Descriptive Statistics in SAS with Examples

Published on:
written bySubhro
STATISTICS

Descriptive Statistics is about finding “what has happened” by summarizing the data using statistical methods and analyzing the past data using queries.

Descriptive statistics, in short, are descriptive information that summarizes a given data. The input data can be either a representation of the entire population or a subset of a population.

Descriptive statistics are of two types, measures of central tendency and variability.

The tools and techniques used for describing or summarizing the data in descriptive statistics are:

Measures of Central Tendency MEAN, MEDIAN and MODE
Measures of Variance Range, Inter-Quartile Distance, Variance, Standard Deviation
Measures of Shape Skewness and Kurtosis

Measures of Central Tendency

In Descriptive Statistics, measures of central tendency are used to describe the data using a single value. It helps users to summarize the data.

Mean

Mean is one of the measures of central tendency used in descriptive statistics. It is the arithmetic average value of the data, calculated by adding all data observations and dividing by the number of observations.

Example :

Age 21 22 23 24

The average age (MEAN) of students from the above sample is given by

 \overline{X}=\frac{21+22+23+24}{4}=22.5

Limitations

The mean is significantly affected by the presence of outliers. Therefore, it is not a useful measure in taking decisions.

 \overline{X}=\frac{21+22+23+200}{4}=66.5

Median

The Median in descriptive statistics is the value that divides the data into two equal parts. To find the median value, the data must be arranged in ascending order, and the median is the value at position (n+1/2 ) when n is odd.

When n is even, the median is the average value of (n/2)^2{th} and (n+2)/2^{th} observation after arranging the data in an increasing order.

Example:

245 326 180 226 445 319 260

The ascending order of the data is 180,226,245,260,319,326,445.

Now, \frac{(n+1)}{2}=\frac{8}{2}=4

Thus, the median is the 4th value in the data, 260, after arranging in ascending order.
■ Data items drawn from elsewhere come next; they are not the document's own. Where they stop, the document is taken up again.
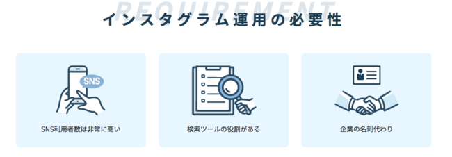 Instagramというツールは現在日本で多くの利用者が存在しています。また、特にZ世代と呼ばれる若者世代にとってInstagramは欠かせないツールとなっており、何か食べたい、見たい、行きたい、といったときの下調べのようなものはGoogle検索と同じようにInstagramの検索機能が使用されています。飲食店などの店舗事業を行なっているところではそのお店の名刺代わりとしての役割もインスタグラムが果たしてくれます。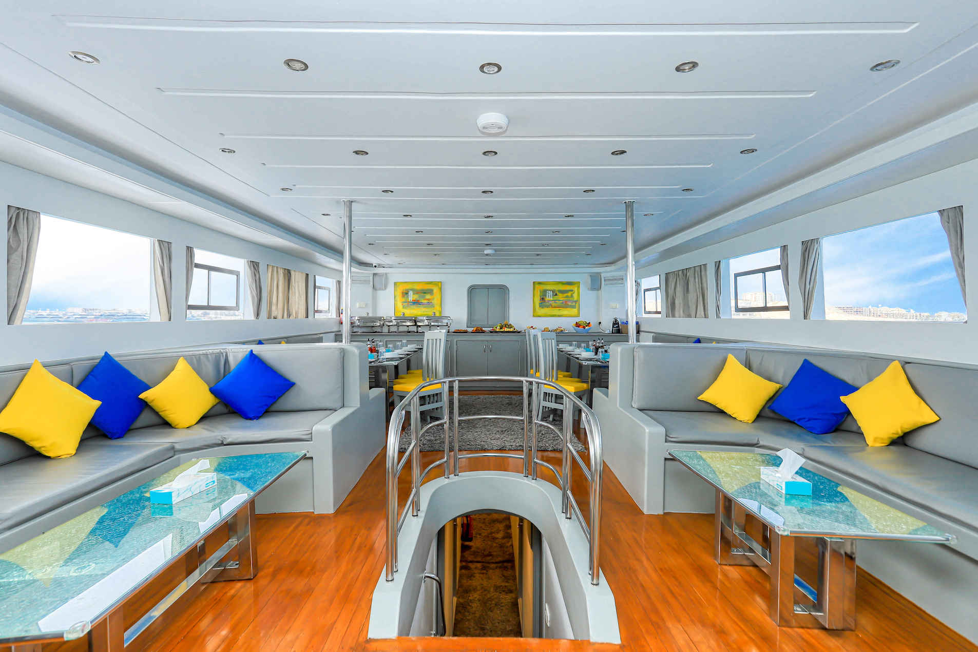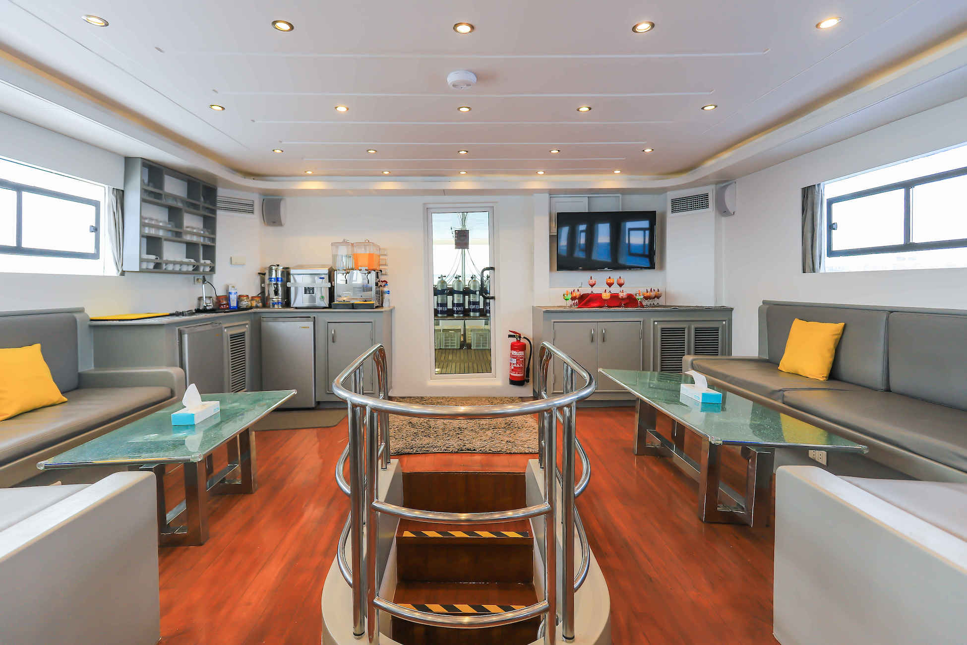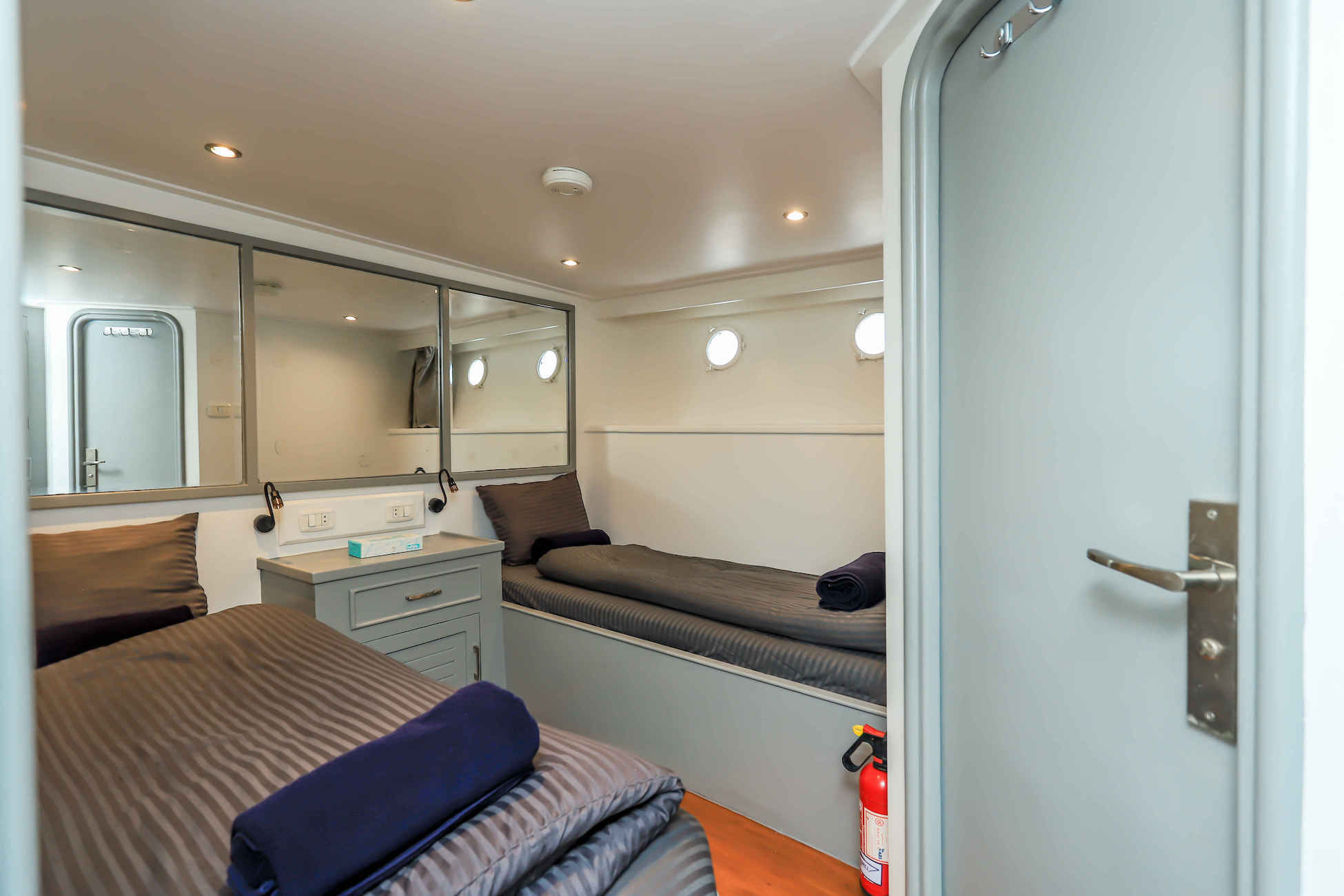 The MY Discovery I can comfortably accommodate up to 20 guests in 10 double cabins. Six of the cabins are located on the lower deck and are configured with side-by-side beds. The remaining 4 cabins are located on the higher deck; 2 of which contain side-by-side beds with the other containing 2 double beds. All cabins are fully airconditioned and come complete with an en-suite bathroom.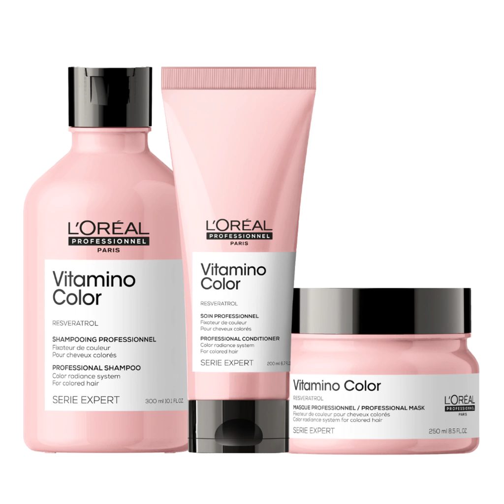 Transforma tu rutina de cuidado capilar con el Trío Vitamino Color de Loreal Professionnel. Este conjunto incluye un shampoo, acondicionador y máscara diseñados específicamente para cabelos teñidos, manteniendo el color vibrante y radiante durante hasta 8 semanas.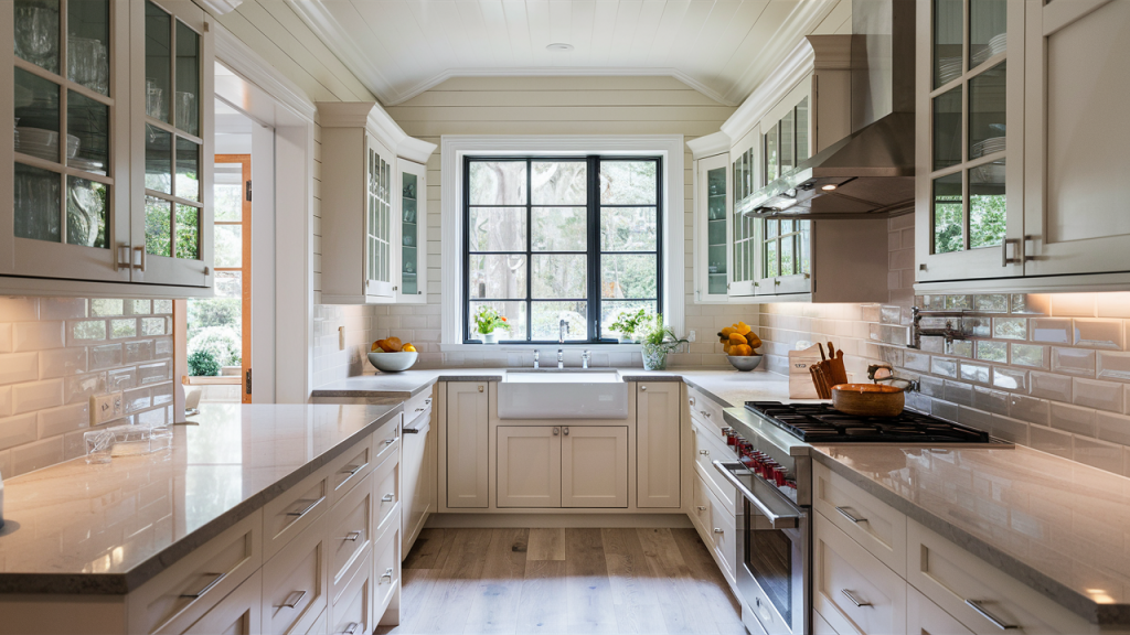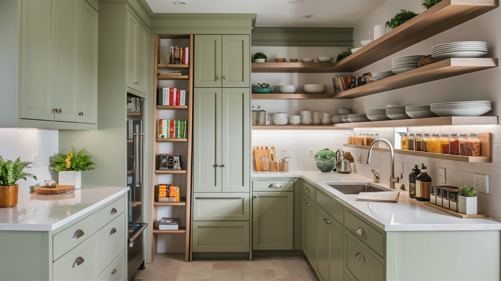 When square footage is limited, take advantage of vertical space with tall cabinets that extend to the ceiling. This not only maximizes storage but also draws the eye upward, making the kitchen feel taller. Open shelves can also be a stylish and functional addition, offering easy access to everyday essentials while keeping the space visually open. Using a mix of cabinets and shelving creates a balanced and organized look.

Calculating Mean and Median in SAS

PROC MEANS can find the mean and median in a SAS dataset.

title 'Table of Mean and Median for Students age';
proc means data=sashelp.class mean median maxdec=2; 
var age;
run;
Mean and Median in SAS

MODE

A mode is a value that occurs more frequently in the data set.

Calculating Mode in SAS

The mode of a dataset can be calculated in SAS using the PROC UNIVARIATE procedure.

title 'Table of Modes for Student age';
ods select Modes;
proc univariate data=sashelp.class modes; 
var age;
run;
Mode in SAS

PERCENTILE, DECILE, AND QUARTILE

Percentile, decile, and Quartile are frequently used to identify the observation position in a SAS dataset.
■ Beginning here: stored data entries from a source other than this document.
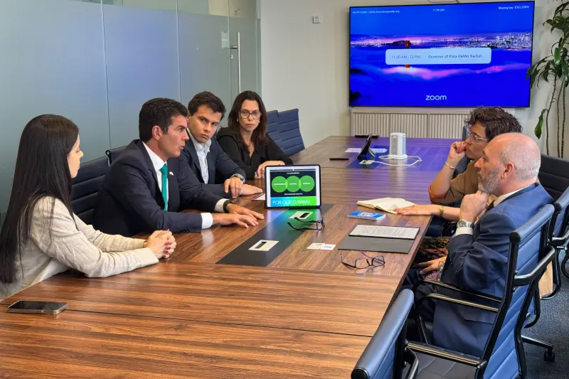 A reunião contou com a participação da líder global para Mercado de Carbono no PNUD, Letícia Guimarães, do secretário de Meio Ambiente, Clima e Sustentabilidade do Pará, Raul Protázio Romão, da secretária adjunta Camille Bemerguy, de Bioeconomia, e Renata Nobre, de Águas e Clima.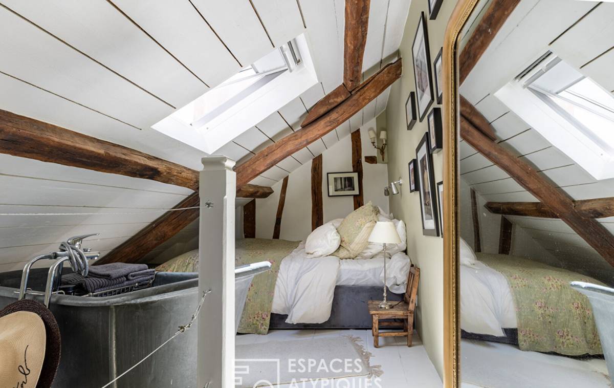 On the lower floor, a more intimate space is revealed, featuring an attic bedroom with a cast-iron bathtub, a bathroom with a dressing room, and a separate toilet.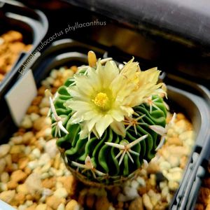 連休中に届いたサボテン エキノフォスロカクタス 白玉 Echinofossulocactus phyllacanthus 棘は短く、玉の下の細かな棘に包まれた茎?が特徴的ですね。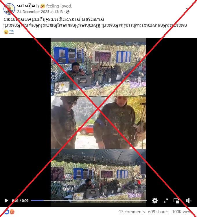 "Foreigners came to help Siam secretly -- no wonder Siam is so strong," reads a Khmer-language Facebook post shared on December 24, 2025, using a historic name for Thailand.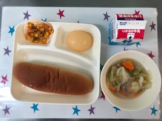 13日の給食は、豚肉と野菜のスープ煮・変わりピザ・白桃(缶)・黒糖パン・牛乳です。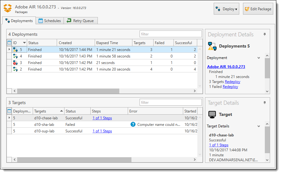For example, on the Package page you can view the deployments, schedules, and the retry queue associated with the package. Additional controls may also be available on the page header, for example, the Deploy and Edit Package buttons. If the package is set to Auto Download, the approval will also display here.
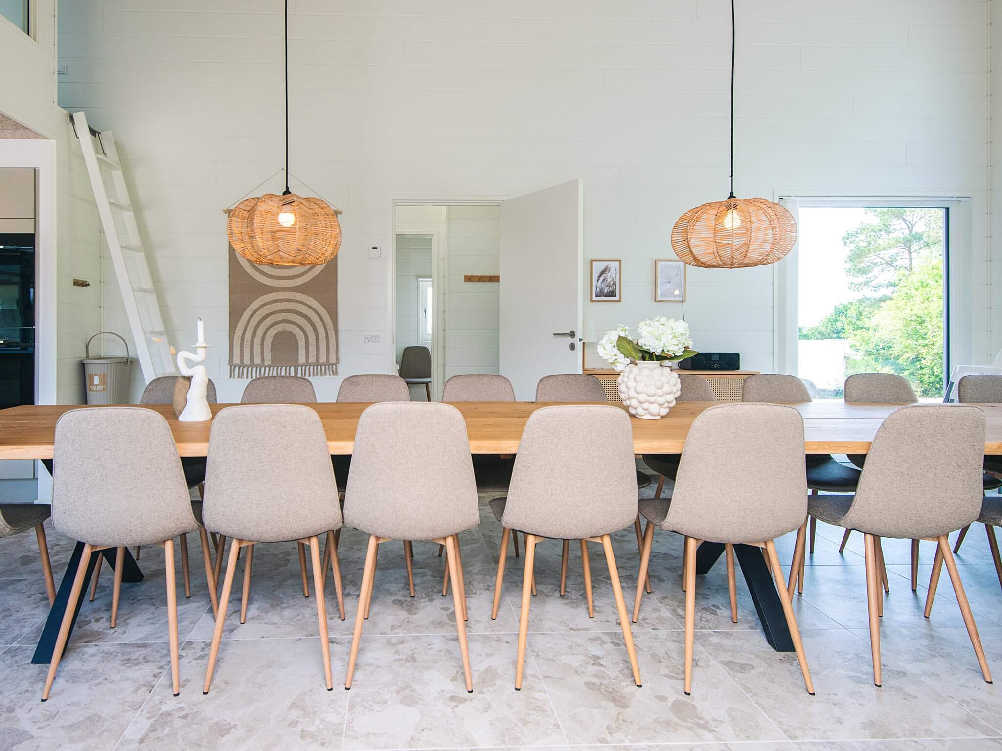 Dieses geräumige und moderne Ferienhaus bietet Platz für bis zu 22 Personen und umfasst insgesamt 268 m². Das Haus wurde 2025 erbaut und ist komfortabel, energieeffizient und mit einer guten Ausstattung für Kinder und Erwachsene eingerichtet. Beheizt wird das Haus mit einer energiesparenden Luft-Wasser-Wärmepumpe. Zusätzlich gibt es Solarheizung und Fußbodenheizung im gesamten Haus.

The percentile is used to identify the position of any value in a group. The percentile is denoted as Px, which is the value of the data at which x percentage of the data lies below that value.
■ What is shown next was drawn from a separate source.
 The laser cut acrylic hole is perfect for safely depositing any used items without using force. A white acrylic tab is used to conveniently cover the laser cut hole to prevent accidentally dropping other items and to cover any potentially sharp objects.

P10 denotes the value below which 10 percent of the data lies. To find Px, arrange the data in ascending order, and the value of Px is the position in the data is calculated using the below formula.

Px\approx \frac{x(n+1)}{100}

n is the number of observations in the data.

Calculating percentile in SAS

The frequently used percentiles (such as the 5th, 25th, 50th, 75th, and 95th percentiles) can be calculated using PROC MEANS. The STACKODSOUTPUT option was introduced in SAS 9.3 to create an output data set containing multiple variables’ percentiles.

proc means data=sashelp.cars StackODSOutput P5 P25 P75 P95; 
var mpg_city mpg_highway; 
ods output summary=Percentiles;
run;
Descriptive Statistics in SAS with Examples

DECILE

The decile is the percentile value that divides the data into ten equal parts. The first decile contains 10% of the data, the second decile contains the first 20% of the data and so on.

QUARTILE

Quartile divides the data into four equal parts. The first Quartile (Q1) contains 25% of the data, Q2 contains 50% of the data and the median. Q3 contains 75% of the data.

Measures of Variation

In Descriptive statistics, Measures of Variations help us understand the data’s variability. Predictive analytics, like Regression, explains variations in the outcome variable(Y) using the predictor variable (X). variability in the data is measured using the following techniques.

  1. RANGE
  2. INTER-QUARTILE DISTANCE(IQD
  3. VARIANCE
  4. STANDARD DEVIATION

RANGE

RANGE captures the data spread and is the difference between the maximum and minimum value of the data.

Calculating RANGE in SAS

Proc means can be used with the RANGE option to calculate the RANGE of any variables.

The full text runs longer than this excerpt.